Why Startup Founders May Not See the Writing on the Wall

There are several reasons why startup founders struggle to see when things things are heading in the wrong direction. For one, being a successful founder requires a strong belief in one's vision and the ability to ignore setbacks and naysayers. You wouldn't be here today if you'd have listened to everybody telling you to give up, so you've been trained and socialised to filter out negative signals. Additionally, social proof from sophisticated investors can give founders extra confidence that they are on the right track. Optimism bias, which makes people believe that they will be the exception to the rule, can also contribute to this phenomenon. Finally, the endowment effect can make founders believe that their product is worth more than it actually is, leading them to hold onto an idea for longer than is workable.
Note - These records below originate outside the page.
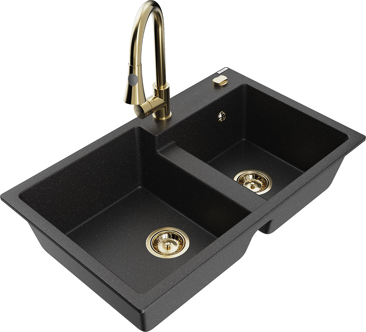Mexen Tomas žulový drez s 2 komorami s kuchynskou batériou Elia, čierny/strieborný metalik - 6516-73-670101-50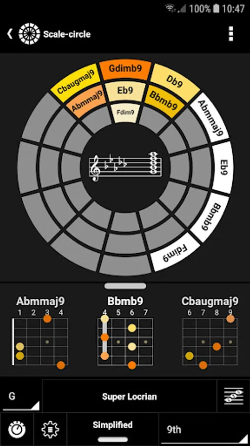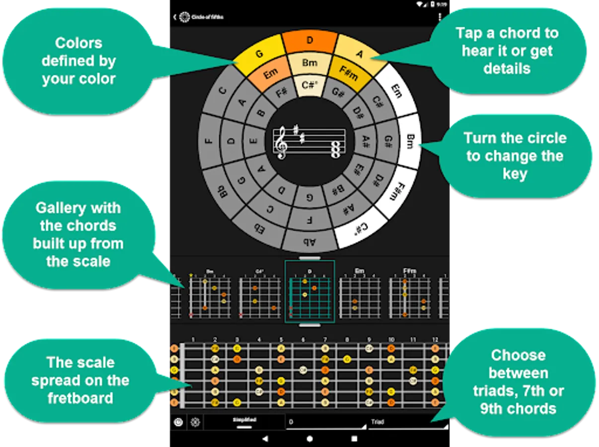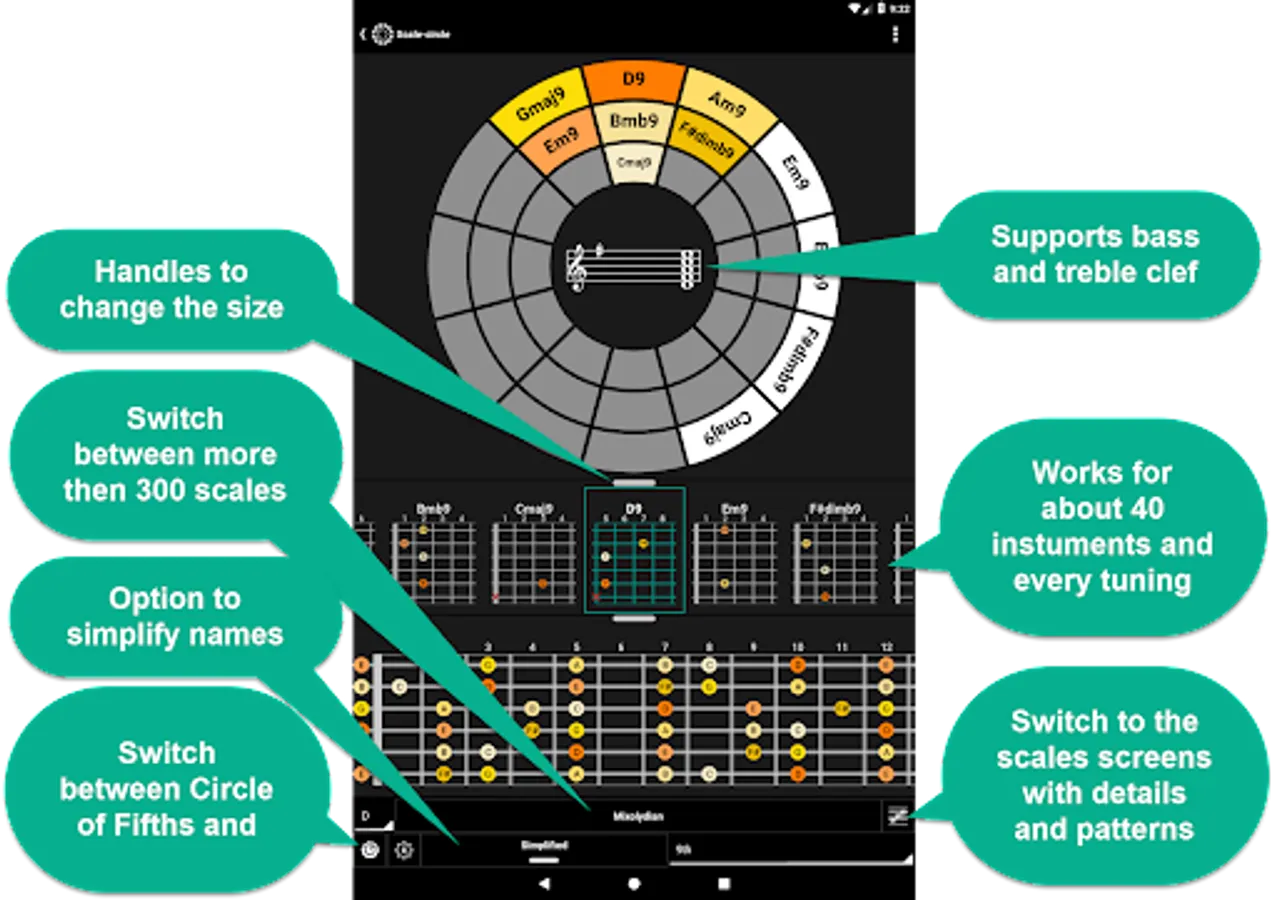 s.mart Circle of Fifths sets standards! It shows every chord, either triads, 7th or 9th. It works for about 40 instruments and any tuning! You can choose between 300 scales beneath the modes of the major scale like Dorian, Lydian or Mixolydian. Go for the best!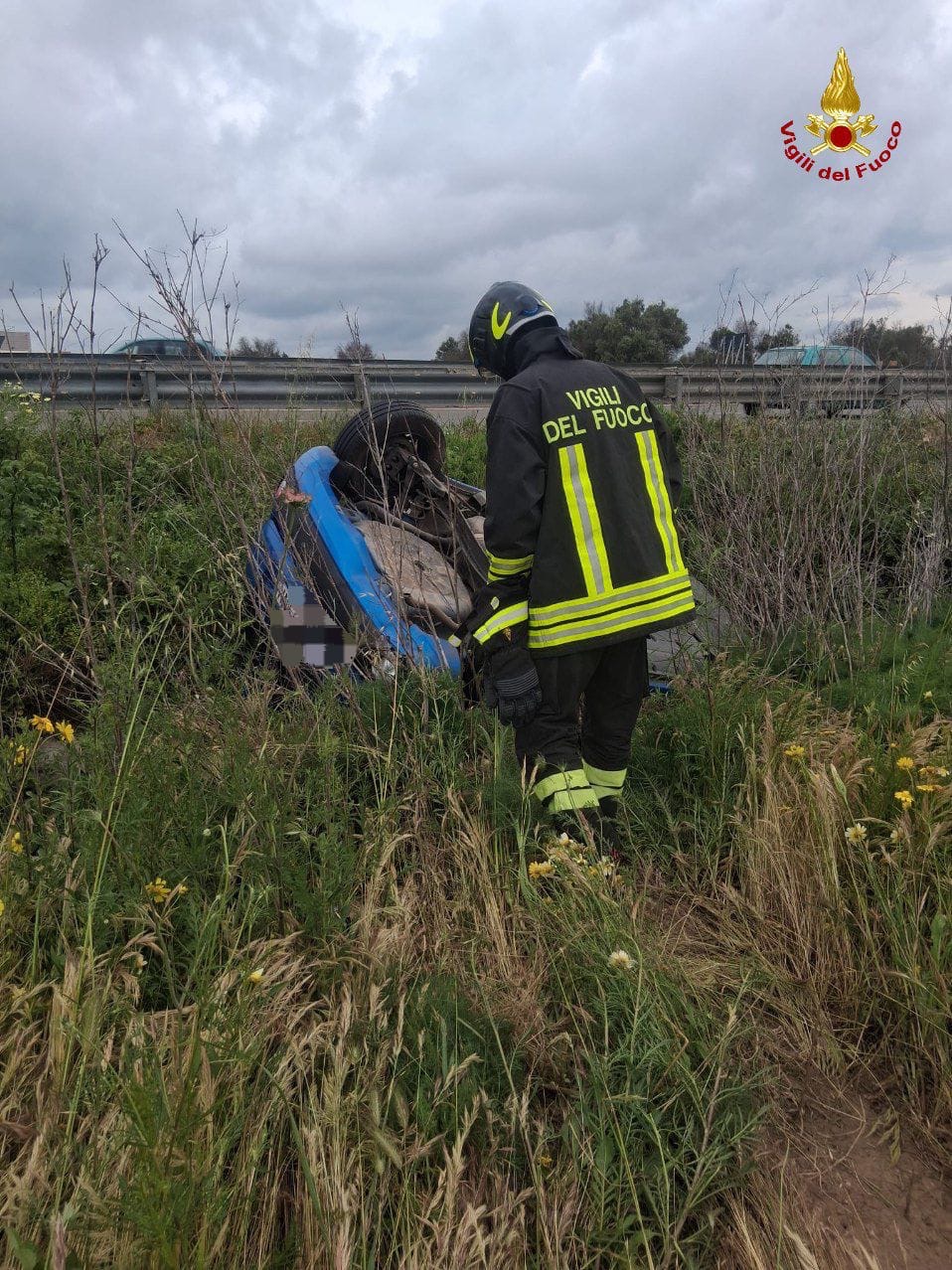 Una squadra dei vigili del fuoco di Brindisi è intervenuta questo pomeriggio sulla complanare della SS 7, in direzione Mesagne, a seguito del ribaltamento di un’auto finita in un canale.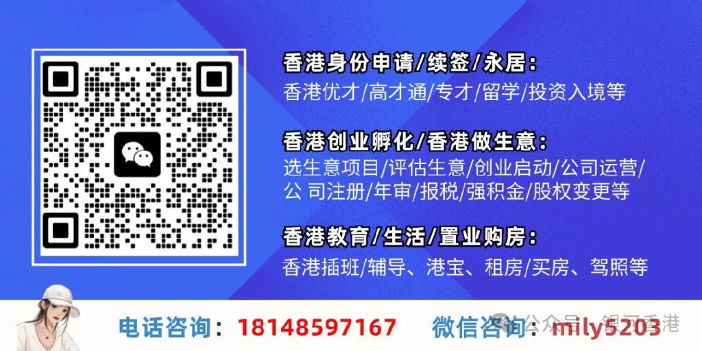 如果您这边需要申请香港身份或去香港创业,或单独续签&拿永居、香港中小学择校、香港公司注册公司等业务,加我咨询(V:mily5203)↓↓↓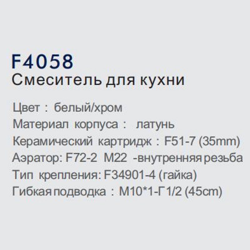 Смеситель для кухни Frap F4058, белый/хром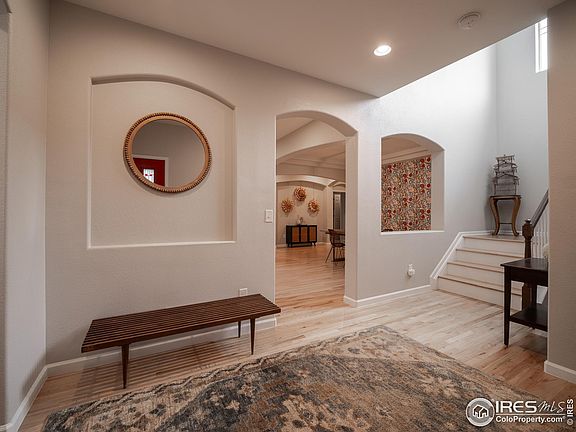 Welcome home! This stunning 5-bedroom, 5-bathroom residence offers an unparalleled blend of luxury, comfort, and convenience. Upon entering the home you are greeted with an elegant entryway leading to the open living room, with vaulted ceilings and large windows that fill the space with natural light and a gas fireplace to stay cozy on cold nights. The gourmet kitchen is a chef's delight, featuring ample cabinet space, extensive quartz countertops, a (walk-in) pantry, double oven and LG appliances. An eat-in kitchen overlooks the backyard and community greenbelt and provides access to the covered patio to soak in the beautiful Colorado sunsets. Retreat to the main floor master suite, complete with a spacious bedroom, a spa-like 5-piece bathroom and 2 walk-in closets. Additionally the first floor of this home features a home office, a formal dining area, a powder room, a laundry/mudroom and natural wood floors throughout. Head up the bright and open staircase to 3 additional bedrooms and two full baths. The expansive finished basement features a spacious common area, a fifth bedroom, a 3/4 bath, a workout or bonus room and unfinished storage space. Complete with 3 garages this home checks all the boxes.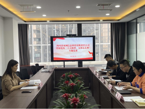 1月31日,投資公司下屬水網(wǎng)科技公司黨支部為深入貫徹落實黨的二十大會議精神,組織專題黨課教育活動,結(jié)合經(jīng)營發(fā)展實際,開年即謀劃公司全年重點工作。黨支部書記馬璐以《貫徹黨的二十大精神,支部怎么做?》為主題,圍繞黨的二十大報告和2023年全國水利工作會議的精神為公司全體黨員職工講授了專題黨課。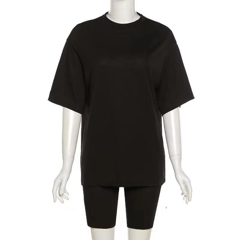 ชุดออกกำลังกาย2ชิ้นสำหรับผู้หญิงชุดเล่นโยคะฟิตเนสเสื้อโอเวอร์ไซส์สำหรับใส่วิ่งกางเกงขาสั้นสำหรับนักปั่นจักรยาน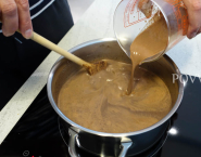 Voeg al roerend het mengsel van cacaopoeder en maizena bij de hete melk. Laat nog even opkoken tot de melk bindt.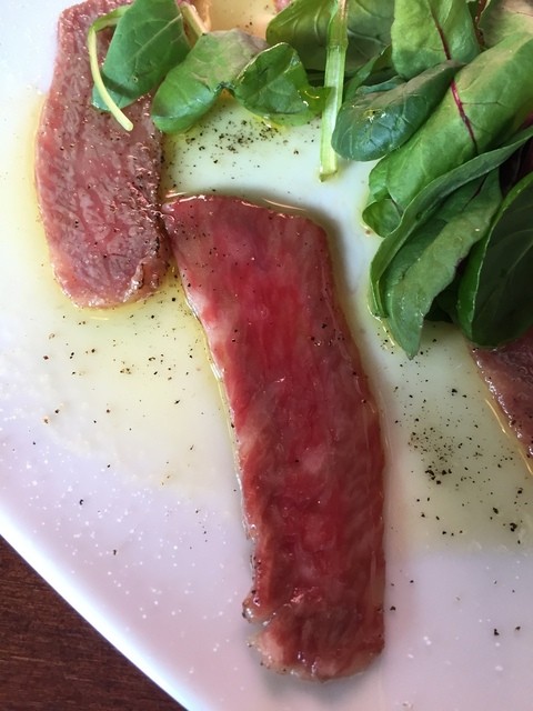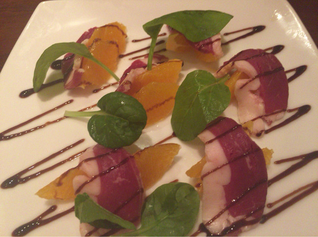 ▪️フランス産の何と鴨の生ハムのお皿が出ました。鴨の生ハムにフレッシュオレンジが合います。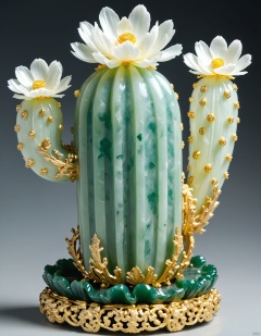 JXY, A photograph of an exquisite, ornate jade cactus sculpture resting on a gold-inlaid base, adorned with pristine white and creamy yellow flowers. The cactus stands tall and columnar, boasting a smooth, emerald-green surface that glimmers with a subtle luster. The flowers, lifelike and abundant, are strategically placed atop and around the cactus, some boasting golden yellow centers that add a touch of warmth. The gold base features intricate, floral designs and a delicate scalloped edge, enhancing the sculpture's sophistication. The background is a plain, deep black, allowing the jade cactus and its golden accents to shine in isolation.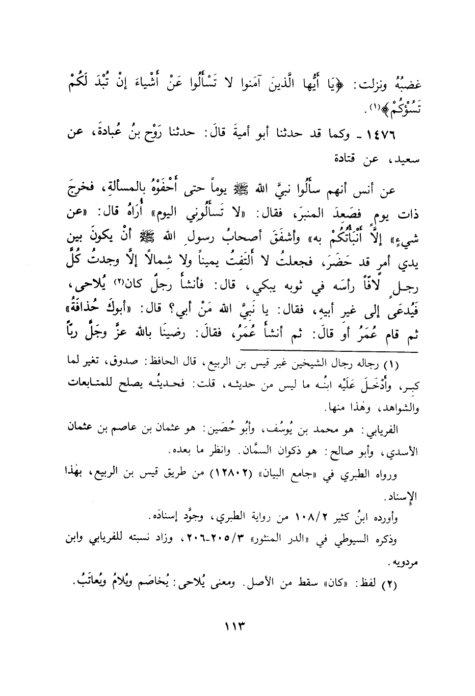 1477 - كَمَا قَدْ حَدَّثَنَا أَبُو أُمَيَّةَ , قَالَ: حَدَّثَنَا رَوْحُ بْنُ عُبَادَةَ , عَنْ هِشَامِ بْنِ أَبِي عَبْدِ اللهِ , عَنْ قَتَادَةَ , عَنْ أَنَسٍ , بِمِثْلِهِ قَالَ: فَكَانَ قَتَادَةُ يَذْكُرُ هَذَا الْحَدِيثَ إذَا سُئِلَ عَنْ هَذِهِ الْآيَةِ {يَا أَيُّهَا الَّذِينَ آمَنُوا لَا تَسْأَلُوا عَنْ أَشْيَاءَ إنْ تُبْدَ لَكُمْ تَسُؤْكُمْ} [المائدة: 101] قَالَ أَبُو جَعْفَرٍ: فَفِي هَذِهِ الْآثَارِ أَنَّ نُزُولَ هَذِهِ الْآيَةِ كَانَ فِي -[115]- الْأَسْبَابِ الْمَذْكُورَةِ فِيهَا فَقَالَ: قَائِلٌ هَذِهِ آثَارٌ تُضَادُّ الْآثَارَ الْأُوَلَ فَكَيْفَ يَجُوزُ أَنْ يَكُونَ نُزُولُ هَذِهِ الْآيَةِ كَانَ فِي هَذَيْنِ السَّبَبَيْنِ جَمِيعًا , وَلَا نَجِدُهَا فِي كِتَابِ اللهِ عَزَّ وَجَلَّ فِي مَوْضِعَيْنِ , وَلَوْ كَانَتْ نَزَلَتْ فِي كُلِّ وَاحِدٍ مِنَ السَّبَبَيْنِ لَكَانَتْ مَذْكُورَةً مِنْهُ فِي مَوْضِعَيْنِ كَمَا كَانَ قَوْلُهُ عَزَّ وَجَلَّ {يَا أَيُّهَا النَّبِيُّ جَاهِدِ الْكُفَّارَ وَالْمُنَافِقِينَ وَاغْلُظْ عَلَيْهِمْ} [التوبة: 73] الْآيَةَ مَذْكُورًا فِي مَوْضِعَيْنِ إذْ كَانَتْ نَزَلَتْ مَرَّتَيْنِ ; لِأَنَّهُ أُرِيدَ بِهَا فِي كُلِّ وَاحِدٍ مِنَ الْمَوْضِعَيْنِ غَيْرُ مَنْ أُرِيدَ بِهَا فِي الْمَوْضِعِ الْآخَرِ مِنْهُمَا فَكَانَ جَوَابَنَا لَهُ فِي ذَلِكَ بِتَوْفِيقِ اللهِ عَزَّ وَجَلَّ وَعَوْنِهِ أَنَّهُ قَدْ يُحْتَمَلُ أَنْ تَكُونَ هَذِهِ السُّؤَالِاتُ الْمَذْكُورَاتُ فِي هَذَيْنِ الْفَصْلَيْنِ مِنْ هَذَا الْبَابِ قَدْ كَانَتْ قَبْلَ نُزُولِ هَذِهِ الْآيَةِ ثُمَّ أَنْزَلَ اللهُ عَزَّ وَجَلَّ بَعْدَ ذَلِكَ هَذِهِ الْآيَةَ نَهْيًا لَهُمْ عَنْ هَذِهِ السُّؤَالِاتِ وَإِعْلَامًا لَهُمْ أَنَّهُ لَا حَاجَةَ لَهُمْ فِي الْجَوَابَاتِ عَنْهَا بِحَقَائِقِ أُمُورِهَا الَّتِي أُرِيدَتْ بِهَا إذْ كَانَ ذَلِكَ مِمَّا إذَا سَمِعُوهُ سَاءَهُمْ، وَإِذَا كَانَ ذَلِكَ إنَّمَا يَسْتَعْمِلُونَ بِهِ مَا لَا مَنْفَعَةَ لَهُمْ فِيهِ، وَمِمَّا لَوْ جَهِلُوهُ لَمْ يَضُرَّهُمْ وَإِنَّمَا الْمَنْفَعَةُ بِالسُّؤَالِاتِ اسْتِعْلَامُ الْفَرَائِضِ عَلَيْهِمْ فِي دِينِهِمْ وَمَا يَتَقَرَّبُونَ بِهِ إلَى رَبِّهِمْ عَزَّ وَجَلَّ، فَذَلِكَ الْعِلْمُ الَّذِي يَنْفَعُهُمْ , وَالَّذِي إذَا جَهِلُوهُ ضَرَّهُمْ فَعَلَيْهِمُ السُّؤَالُ عَنْهُ حَتَّى يَعْلَمُوهُ وَالدَّلِيلُ عَلَى أَنَّهُ عَزَّ وَجَلَّ إنَّمَا كَرِهَ مِنْهُمُ السُّؤَالِاتِ عَنْ مَا لَا مَنْفَعَةَ لَهُمْ فِيهِ وَعَنْ مَا إذَا عَلِمُوهُ سَاءَهُمْ لَا عَنْ مَا سِوَاهُ مِنْ أُمُورِ دِينِهِمُ الَّتِي بِهِمُ الْحَاجَةُ إلَى عِلْمِهَا حَتَّى يُؤَدُّوا الْمَفْرُوضَ فِيهَا عَلَيْهِمْ وَحَتَّى -[116]- يَتَقَرَّبُوا إلَى رَبِّهِمْ عَزَّ وَجَلَّ بِمَا يُقَرِّبُهُمْ إلَيْهِ مِنْهَا مَا قَدْ رُوِيَ عَنْ مُعَاذِ بْنِ جَبَلٍ مِمَّا قَدْ دَلَّ عَلَى ذَلِكَ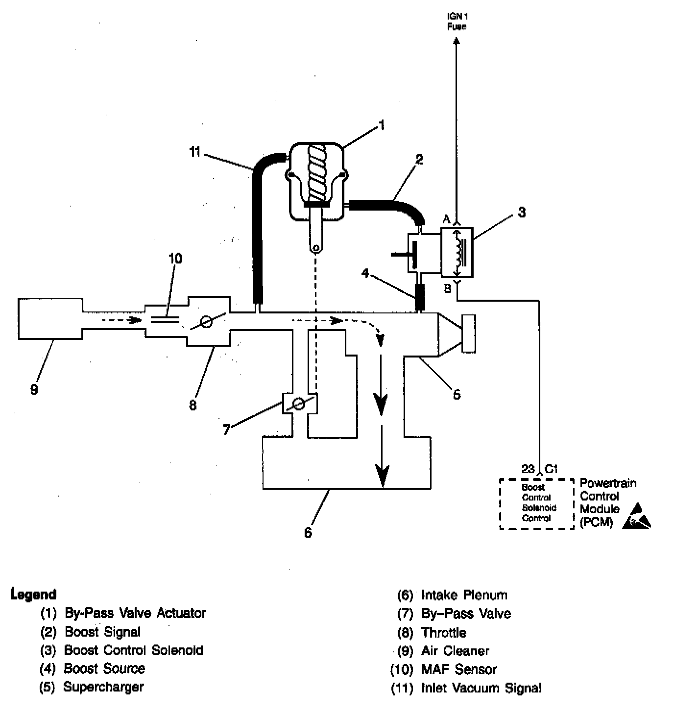 When reduced boost pressure is desired, the PCM commands the boost control solenoid to operate at a 0% duty cycle (OFF). This opens the solenoid valve and allows boost pressure from the intake manifold to counteract the spring tension in the bypass valve actuator, opening the bypass valve and recirculating excess boost pressure back into the supercharger inlet. With reverse gear selected, the PCM commands the boost control solenoid to operate at a 0% duty cycle (OFF) at all times.
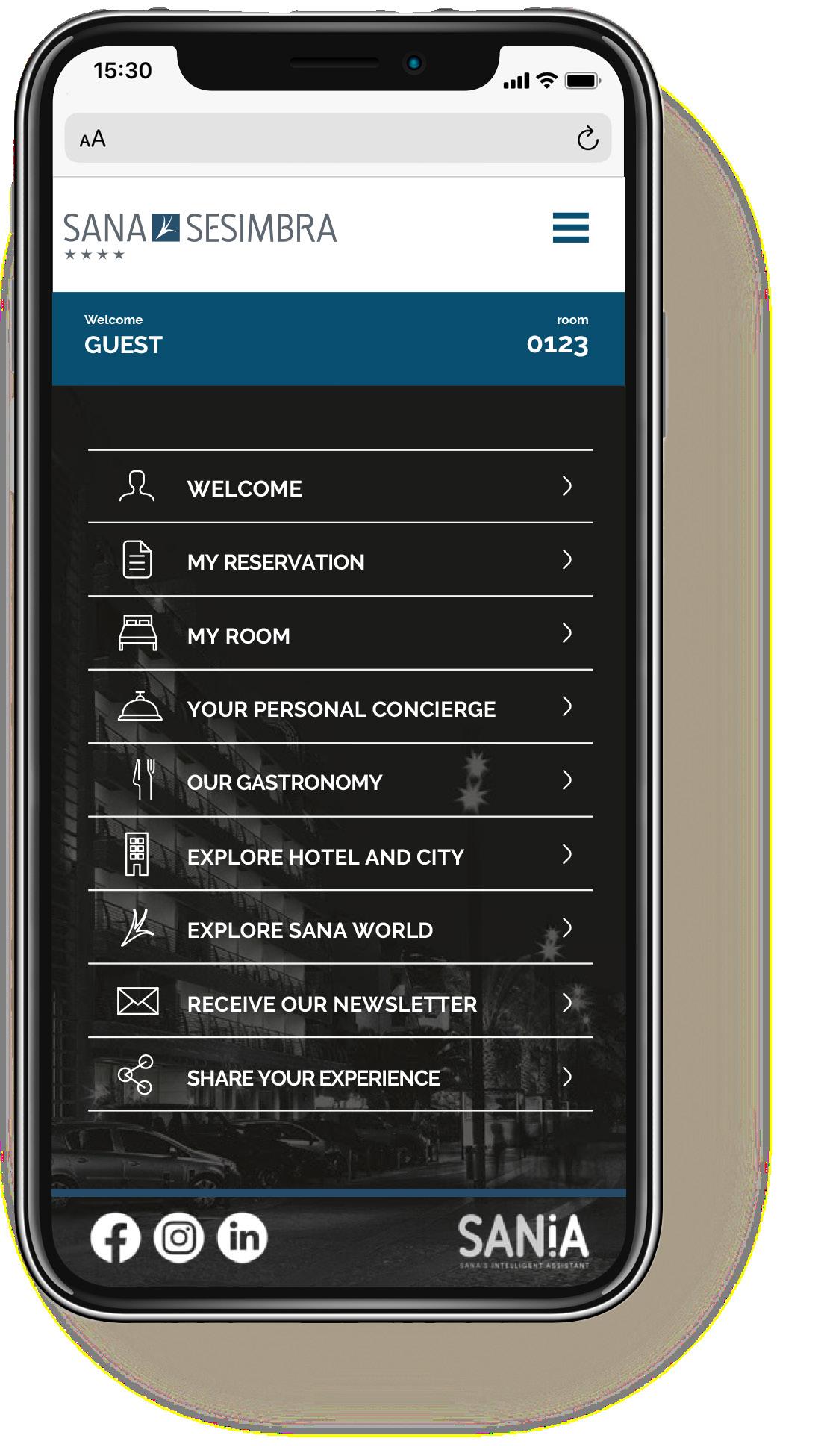 I am SAN.IA, your Intelligent Assistant at SANA Hotels. I am here to welcome you to SANA Sesimbra and put all the services of the hotel in your hands.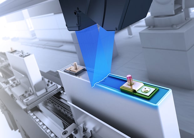 Die 3D-Inspektion ermöglicht es den Benutzern, genau zu erkennen, ob Komponenten ordnungsgemäß in der Baugruppe sitzen oder ob Elemente geneigt sind. Die Verwendung eines 2D/3D-Laser-Profilsensors mit blauem Laser gewährleistet stabile Messungen, selbst bei Objekten mit unterschiedlichen Materialien.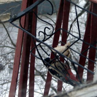 Катя, Ася, Юра – что это за чувачок спер у меня с балкона сало, развешанное для знакомых синиц? Трудился, сдирая с крючка, как шахтер в забое. Аж вверх ногами повернулся, обнаружив роскошные алые подштанники....

Why Founders Continue to Plow Forward Despite Setbacks

Once things start to go wrong, founders may continue to plow forward for a variety of reasons. Sunk cost fallacy—the tendency to keep investing in a losing venture because of the resources already invested—can make it difficult for founders to pull the plug. Promises made to staff and investors can also create pressure to keep going, as can pressure from investors who want to see a return on their investment. While getting some of their stake back might be important to angel investors, institutional investors might have already discounted the investment—so it's in their interest for you to keep plugging on in the chance you might be able to pull something off at the last minute. Finally, media stories of successful startups turning things around at the last minute can create a false sense of hope that things are likely to get better. Even if we're aware of the dangers of survivor bias, society tells us that it's noble to keep going to the very end, like the Captain going down with their ship.

Challenges of Letting Go and Shutting Down

Even when it becomes clear to others that the party is over, founders may continue to hold on for longer than is sensible. One reason is that the people around you don't want to upset you—especially if their job or relationship might suffer as a consequence—so they'll couch their feedback in softer terms. As such the founder is often the last one to realise things are coming to an end. This can be exacerbated by the concept of "motivated reasoning," where we effectively come up with the rational that most benefit us.

Even once we've seen the writing on the wall, there's a tendency to want to hold off for as long as possible. This is often due to a sense of identity and purpose that is tied to being a founder, as well as the social stigma attached to failure. Additionally, making the decision to shut down can be difficult and emotionally fraught, especially when it means letting go of employees and facing the uncertainty of what comes next. As such, keeping going until you run out of money means that the decision gets made for you. This is a great way to subconsciously protect one's ego and externalise fault. We didn't fail. We just ran out of money. If we'd just been able to raise another round, things would have been different.

The Importance of Overcoming Cognitive Biases and Cutting Losses Early

The phenomenon of escalating commitment to a losing strategy is a real and significant problem for startup founders. Overcoming cognitive biases and recognising when it is time to cut one's losses and move on is a difficult but essential task for those in the startup world. By acknowledging the signs of failure and making the decision to shut down early, founders can minimise the damage to themselves, their employees, and their investors, and move on to new and better ventures.